02
 彼女と出会ったのは3年と1ヶ月前だ。家の最寄駅のビル内にあるカフェで。

「はじめまして」

 そう言って微笑む彼女は本当に可愛らしくて、彼女を紹介してくれた友人を崇めたくなるほど感謝した。
 でも、その彼女に今俺は胃が痛くなるほど悩まされている。

「おーっす」
「……」
「何だよ怖い顔して」

 会社に着くと、能天気に挨拶してきたのは彼女を紹介してくれた友人・柳瀬。じっとりと睨む。こいつが悪いわけじゃないわかってる。ただの八つ当たりだってわかってるんだよクソが!!

「なになに、ご機嫌斜め?もしかしてトウコちゃんとヤリすぎて寝不足?!」
「うるせぇ黙れこのヤロー」

 マジで空気読め。ヤるどころか別れの危機だよ。

「トウコちゃん可愛いもんなー。あのカフェでも目立ってたよ。思わずナンパしちゃったもんね」
「ナンパってお前相変わらずだな。つーか人の彼女に……え、ナンパ?」

 トウコは俺に、柳瀬とは大学の時からの知り合いだって言ってた。あれ、何?俺嘘つかれてる?

「ナンパって何?大学からの知り合いじゃねーの」
「ええ、何それ。ナンパだよナンパ。あのカフェで可愛いなーと思って声かけて仲良くなってね。なんで嘘つくんだろうね。ナンパに応えちゃうような女の子だとお前に思われたくないとか?」

 正直、俺の中は不信感でいっぱいだ。ナンパがどうとかそういう問題ではなく。3年付き合っていたのに俺は嘘をつかれ続けてきたのだ。どこまでが本当で、どこまでが嘘?どれが本当で、どれが嘘?トウコの全部が嘘じゃないかって、思ってしまう。プロポーズを断られたことで割れた俺の心の隙間に、不信感がじんわりと沁みていく。

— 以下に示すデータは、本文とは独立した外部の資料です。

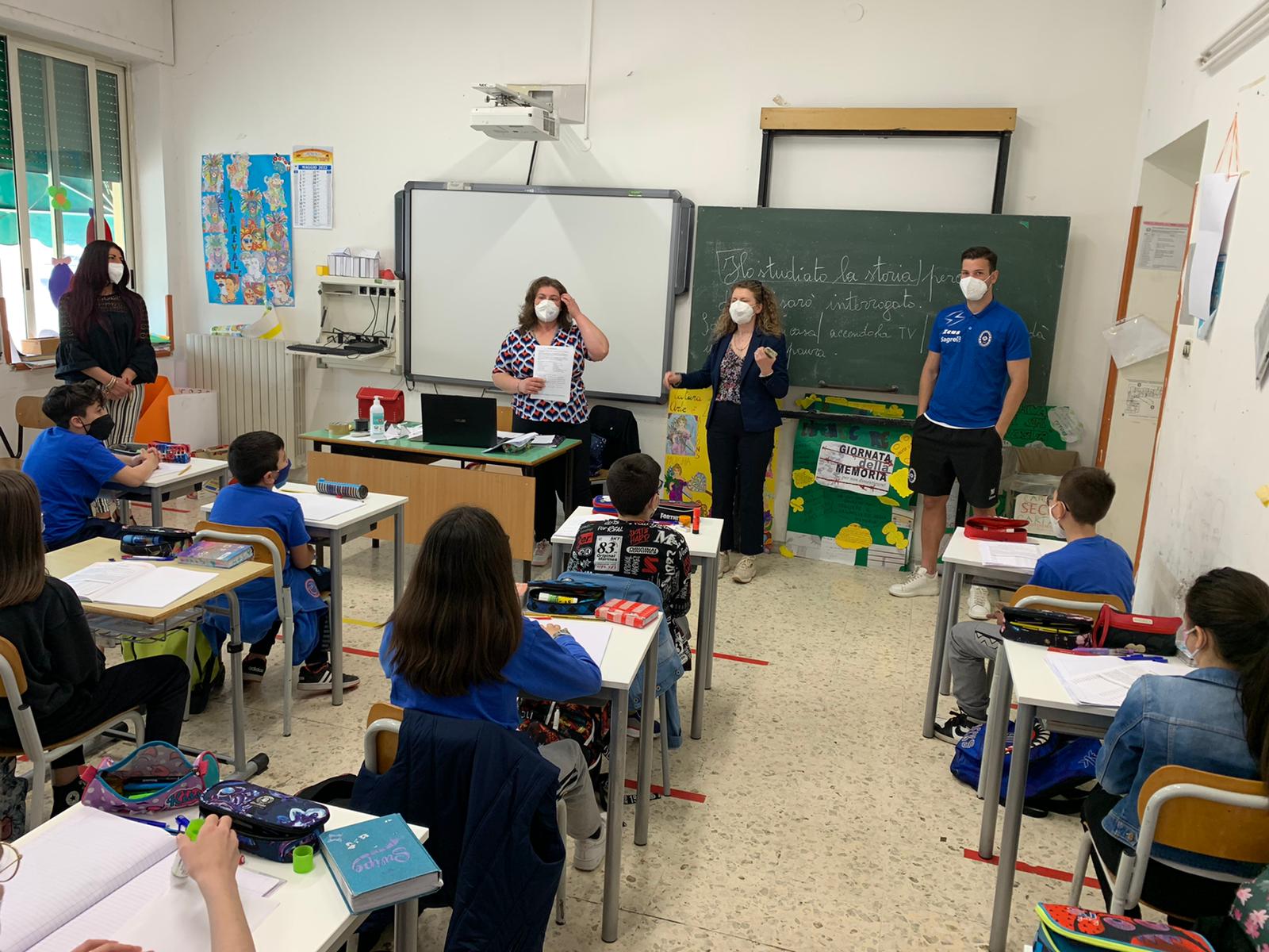 SANTA MARIA CAPUA VETERE – L’iniziativa “Dalla Scuola allo Stadio”, promossa dal Gladiator 1924 S.S.D. A.R.L., sta riscuotendo grande entusiasmo tra gli studenti sammaritani. Stamattina il calciatore nerazzurro Andrea Arcidiacono ed il giornalista Domenico Vastante sono transitati in circa 40 classi complessive dell’Istituto Comprensivo “Principe di Piemonte” e dell’Istituto Comprensivo 2 “Rita Levi Montalcini”, così da invitare bambini e ragazzi per la partita, in programma domenica alle 14 contro l’Arzachena allo stadio “Mario Piccirillo”, che può valere la salvezza in Serie D.
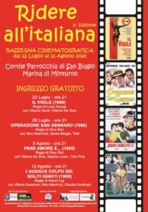 Dal 22 Luglio a 12 Agosto 2020 si svolgerà presso il Cortile della Parrocchia di San Biagio a Marina di Minturno la seconda edizione della rassegna cinematografica “Ridere all’Italiana”, organizzata dall’Associazione Culturale “Il Sogno di Ulisse” e dalla Chiesa di San Biagio, grazie alla sensibilità di Don Maurizio Di Rienzo. L’evento, sotto il patrocinio del Comune di Minturno, si svolgerà nel rispetto delle misure di sicurezza dell’emergenza Covid-19 e del distanziamento sociale con ingresso gratuito e capienza massima di 100 persone (è necessaria la prenotazione).
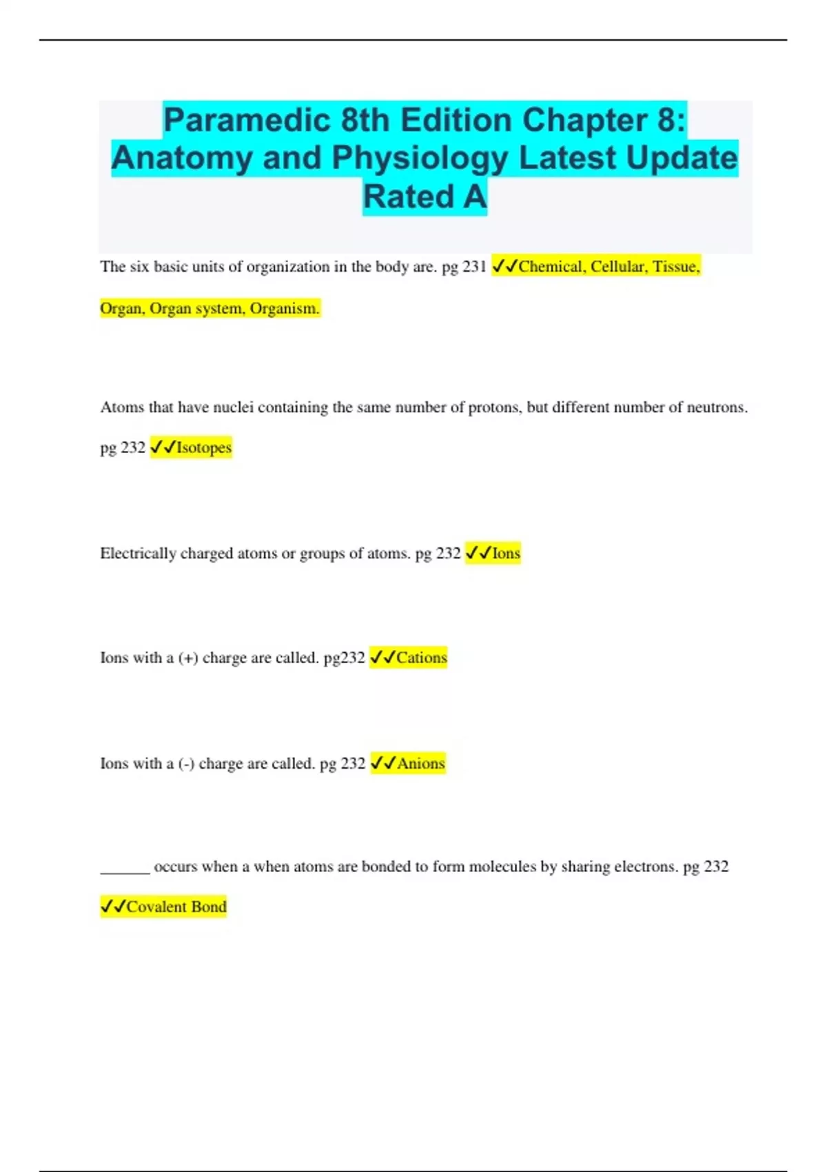 Paramedic 8th Edition Chapter 8: Anatomy and Physiology Latest Update Rated A The six basic units of organization in the body are. pg 231 Chemical, Cellular, Tissue, Organ, Organ system, Organism. Atoms that have nuclei containing the same number of protons, but different number of neutrons. pg 232 Isotopes Electrically charged atoms or groups of atoms. pg 232 Ions Ions with a (+) charge are called. pg232 Cations Ions with a (-) charge are called. pg 232 Anions ______ occurs when a when atoms are bonded to form molecules by sharing electrons. pg 232 Covalent Bond Covalent bonds that do not share electrons equally are called or has an uneven distribution of of charges is called. pg 232 Polar molecules A substance that can be broken down into the two or more elements contained in it. pg 233 Compounds A naturally occurring, inorganic element. 233 Minerals _____ are mostly concentrated in the bones and teeth. pg 233 Minerals When the daily requirement of minerals is 100 mg or more daily. pg 233 Macrominerals When the daily requirement of minerals is less than 100 mg or more daily. pg 233 Microminerals Organic compounds contain what. pg 233 Carbon What compound is essential for many of the chemical reactions necessary to sustain life and includes carbohydrates, proteins, lipids, vitamins, and nucleic acids. pg 233 Biochemical compound ______ are sugars and starches. pg 233 Carbohydrates. (saccharides) A simple sugar is also called. pg 233 Monosaccharides A simple sugar made up of 2 to 10 saccharides are called. pg 233 Oligosaccharides A double sugar is called. pg 233 Disaccharides A complex sugar is called. pg 233 Polysaccharides An important simple sugar found in the blood. pg 233 Glucose (dextrose) A sugar found in fruit juice, honey and galactose. pg 233 Fructose What converts fructose and galactose into glucose in the liver. pg 233 Enzymes Largest internal organ in the body. pg 233 Liver Simple sugars used in the manufacture of of Ribonucleic Acid and Deoxyribonucleic acids. pg 233 Ribose and Deoxyribose What is the main polysaccharide in the body and is the form in which glucose is stored in the human body, primarily the liver and skeletal muscles. pg 233 Glycogen A complex carbohydrate that is not digestible by h
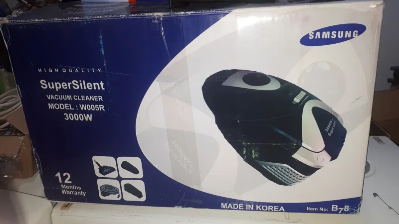 جارو برقی سامسونگ سوپر سایلنت 3000 وات ساخت کره روی کارتن نوشته طبق عکس که گزاشتم کاملا نو داخل کارتن
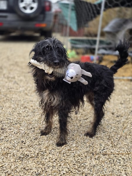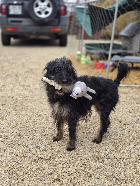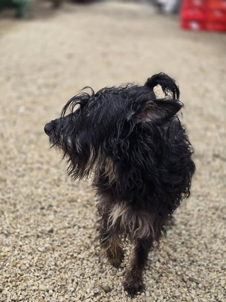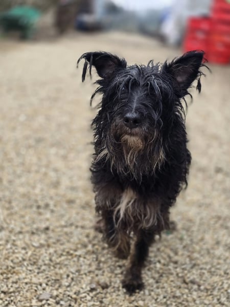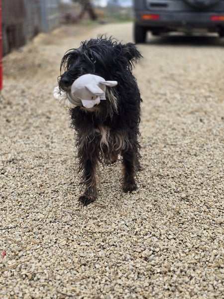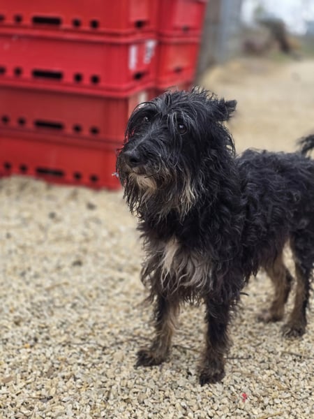 Borzi, die auch liebevoll „Struppi“ genannt wird, wurde auf den Straßen von Vackoló aufgefunden. Da sie keinen Chip hatte, gehen wir davon aus, dass sie keinen Besitzer hatte und möglicherweise niemand nach ihr sucht. In ihrer neuen Umgebung ist Borzi noch sehr unsicher. Besonders in der Nähe von Menschen zeigt sie sich ängstlich und schüchtern, vor allem bei fremden Männern. Obwohl sie keine aggressiven Tendenzen zeigt und niemanden beißt, reagiert sie bei Berührungen aus Angst oft mit Urinmarkierung.

「まぁま、トウコちゃんお前のこと大好きだからあんま気にすんなよ」

 それだって本当か分かんねーじゃんかよ。

 その日の夜、元気がないからと無理やり柳瀬に夜の街に連れ出された。と言っても俺は女の子のいる店とかちょっと苦手だから(綺麗な子が横にいると緊張しすぎて吐きそうになる)、柳瀬がよく行くバーだ。まぁそれならとついてきたが騙された。柳瀬の知り合いだという女の子が数人いたのだ。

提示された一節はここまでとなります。